On that last point, Khan, who’s chair of his department and an executive committee member of the Institute for Women, Gender, and Sexuality, writes (emphasis added) “Brett Kavanaugh is not telling the whole truth,” (conflicting with his article’s title) and notes a few discrepancies in some of the judge’s past statements. For example, he says Kavanaugh did lie when “he told senators that he’d had nothing to do with the war on terror’s detention policies,” but statements regarding an illegally obtained Democratic Party memo were “probably false.”
Regarding more recent testimony, Khan adds “it cannot be possible” that the judge was a “well-behaved virgin” and partying member of the “Keg City Club,” …the big sexual misconduct allegations against him notwithstanding. “How could a man who appears to value honor and the integrity of the legal system explain this apparent mendacity?” the prof asks.
Answer: His privilege.
“The answer lies in the privilege such institutions [Georgetown Prep, Yale College, Yale Law School] instill in their members, a privilege that suggests the rules that govern American society are for the common man, not the exceptional one.”
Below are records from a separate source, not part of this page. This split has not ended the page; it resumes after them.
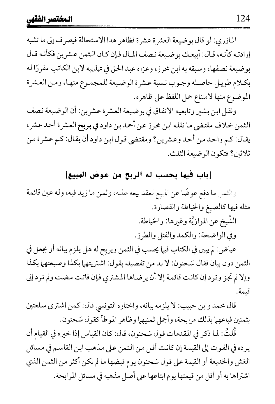 المازري: لو قال بوضيعة العشرة عشرة فظاهر هذا الاستحالة فيصرف إلى ما تشبه إرادته كأنه، قال: أبيعك بوضيعة نصف المال فإن كان الثمن عشرين فكأنه قال بوضيعة نصفها، وسبقه به ابن محرز، وعزاه عبد الحق في تهذيبه لابن الكاتب مقررًا له بكلام طويل حاصله وجوب نسبة عشرة الوضيعة للمجموع منها، ومن العشرة الموضوع منها لامتناع حمل اللفظ على ظاهره.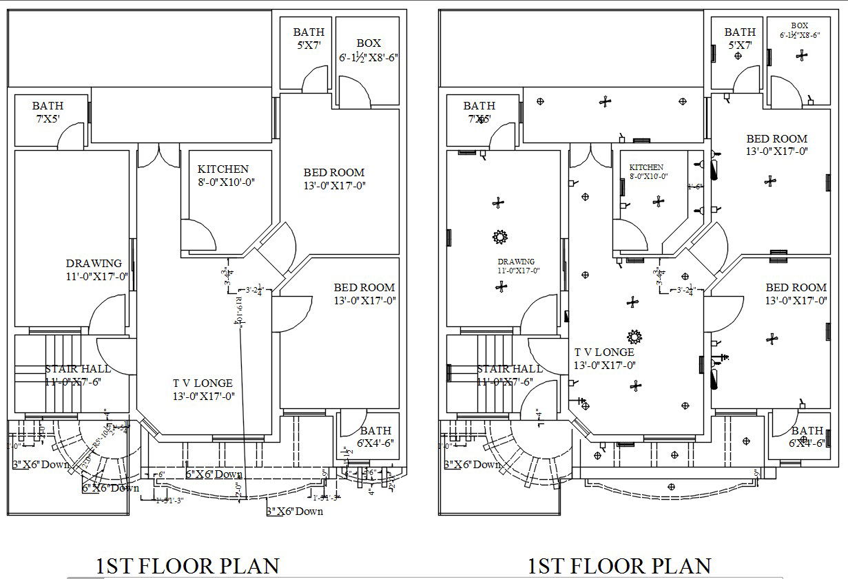1st Floor Layout Plan with Lighting Details AutoCAD File
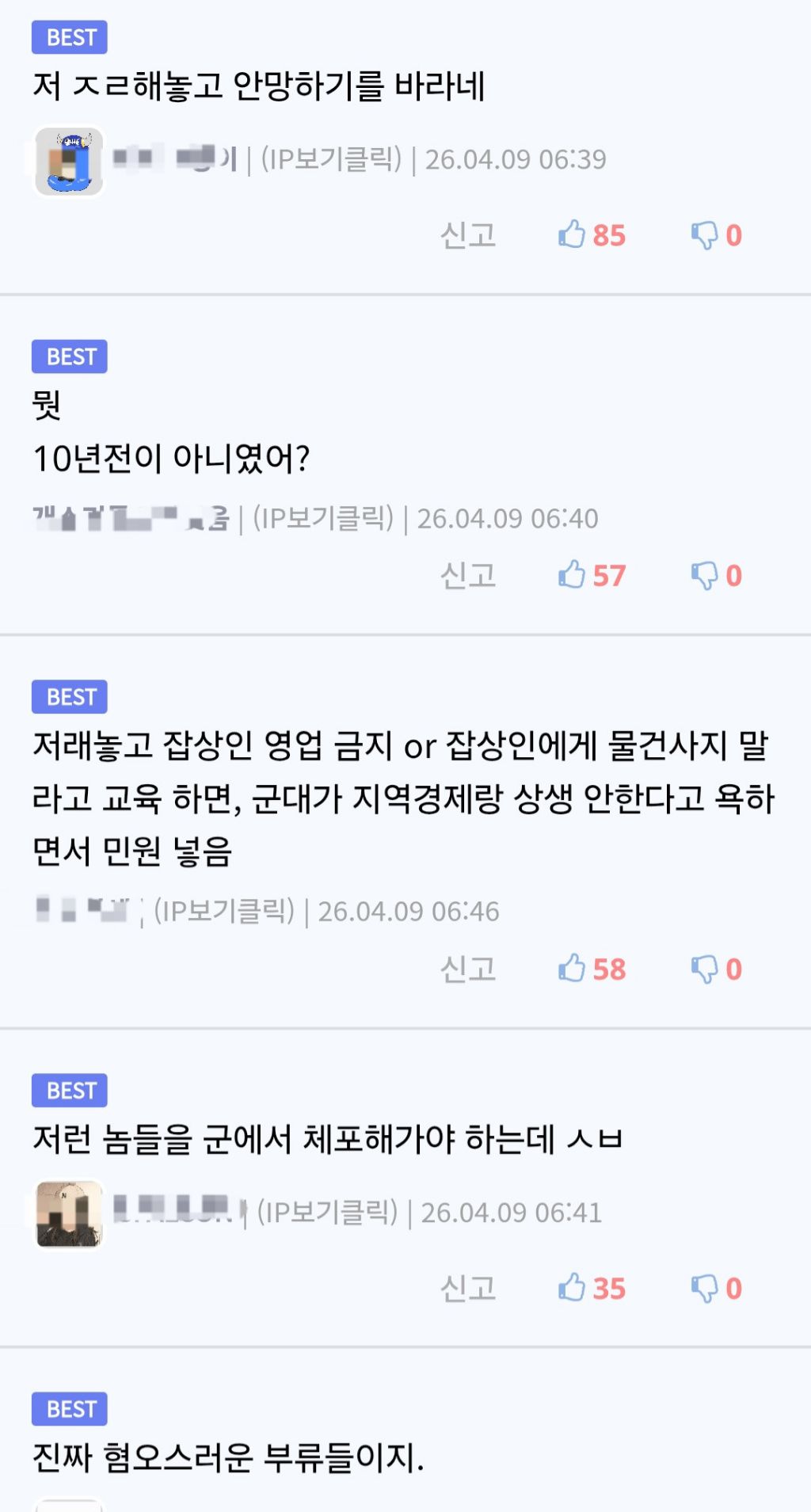군대에 없는 물건이라며 부모님 속여 파는 논산 훈련소 앞 상술 근황 작성자서강대학교|작성시간26.04.09|조회수2,556 목록 댓글 18 글자크기 작게가 글자크기 크게가 다음검색 현재 게시글 추가 기능 열기 북마크 공유하기 신고 센터로 신고 댓글 댓글 18 댓글쓰기 답글쓰기 댓글 리스트 작성자I.B.I LUV | 작성시간 26.04.09 단속 좀 빡세게 하라고 하... 작성자QuaSaR | 작성시간 26.04.09 사기로 신고해야됨 작성자중고차파괴자 | 작성시간 26.04.09 아무것도 안사가고 잘지냄 작성자곰 갈매기 프로미 스파이더 | 작성시간 26.04.09 단속을 못하는게 아님...그냥 안하는거임... 작성자치타 | 작성시간 26.04.09 논산시청에서 진짜 의지가 있었다면 저런거 싹 없어졌겠지 댓글 전체보기

It’s not too difficult to fathom that wealthy and privileged individuals can get away with things the less affluent cannot. But to automatically assume Judge Kavanaugh’s guilt in the matter of Christine Blasey Ford because of his background is just the latest, and ludicrous, example of academy-generated identity politics.
As you meander through Khan’s article, you may ask yourself (apologies to David Byrne): What would the professor say about the Kennedy family … and about myriad other — Democratic — politicians and jurists? Are we now permitted to make generalizations about poor people?
But most significantly, why should we even bother listening to Khan at all … when he too is a product of privilege?
Much like the current academic fad of “whiteness” (and the study thereof) where any conceivable evil can be ascribed to the American majority population (the only demographic for which criticism is permitted, by the way), having had a nice, comfortable upbringing means “truth” is an exotic concept.
Here’s an idea: Let’s throw Professor Khan’s whole premise right back at him. Academics in the “studies” fields and in departments such as anthropology and sociology should not at all be taken seriously merely because of the subject matter. Khan’s specific areas of study, cultural sociology and gender & sexuality, are heavy in esoteric theory with researchers who engage in community back-pats for citing increasingly outlandish hypotheses.
You want stereotypes based on identity politics? You got ’em.